ContIG: Self-supervised Multimodal Contrastive Learning for Medical Imaging with Genetics

This is the code implementation of the paper "ContIG: Self-supervised Multimodal Contrastive Learning for Medical Imaging with Genetics".

If you find this repository useful, please consider citing our paper in your work:

@misc{contig2021,
      title={ContIG: Self-supervised Multimodal Contrastive Learning for Medical Imaging with Genetics}, 
      author={Aiham Taleb and Matthias Kirchler and Remo Monti and Christoph Lippert},
      year={2021},
      eprint={2111.13424},
      archivePrefix={arXiv},
      primaryClass={cs.CV}
}

To run the experiments, you will have to have access to UK Biobank data (requires application) and will need to set up the data modalities properly.

We handle the paths to different external files with the paths.toml.
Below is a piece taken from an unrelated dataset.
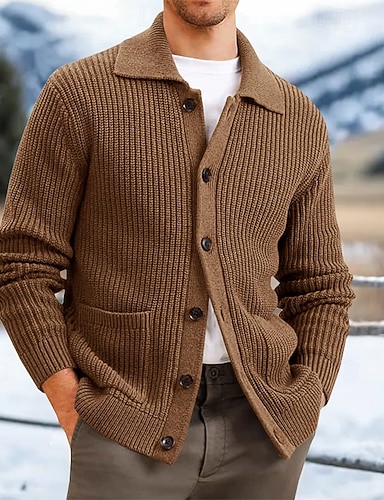 בגדי ריקוד גברים סוודר קרדיגן סוודר סרוג מצולע לִסְרוֹג רגיל כפתור למעלה כיסי צד צבע אחיד קולר אופנתי קלסי לבוש יומיומי פגישה (דייט) ביגוד אביב סתיו חורף שחור חום S M L

Model checkpoints are stored in CHECKPOINTS_BASE_PATH (='checkpoints' by default). For some parts, we use plink and plink2 software, which you can download from here and here. Unzip and set the corresponding paths in the paths.toml file.

Python

Install the dependencies via

conda env create --file environment.yml

Setting up image data

See image_preprocessing for the code. We first use resize.py to find the retinal fundus circle, crop to that part of the image, and then filter out the darkest and brightest images with filtering_images.py.

After preprocessing the images, make sure to set BASE_IMG in paths.toml to the directory that contains the directories {left|right}/512_{left|right}/processed/.

Ancestry prediction

We only included individuals that were genetically most likely to be of european ancestry. We used the genotype-based prediction pipeline GenoPred; see documentation on the site, and put the path to the output (a .model_pred file in tsv format) into the ANCESTRY variable in paths.toml.

This ancestry prediction can also be replaced by the UKB variable 22006. In this case, create a tsv file with two columns, IID and EUR; set EUR = 1 for caucasians and EUR = 0 for others, and point the ANCESTRY variable in paths.toml to this file. Explicit ancestry prediction and the caucasian variable are mostly identical, but our ancestry prediction is a little more lenient and includes a few more individuals.

Setting up genetic data

We use three different genetic modalities in the paper.

Setting up Raw SNPs

Raw SNPs work mostly without preprocessing and use the basic microarray data from UKB. Make sure to set the BASE_GEN path in paths.toml to the directory that contains all the bed/bim/fam files from the UKB.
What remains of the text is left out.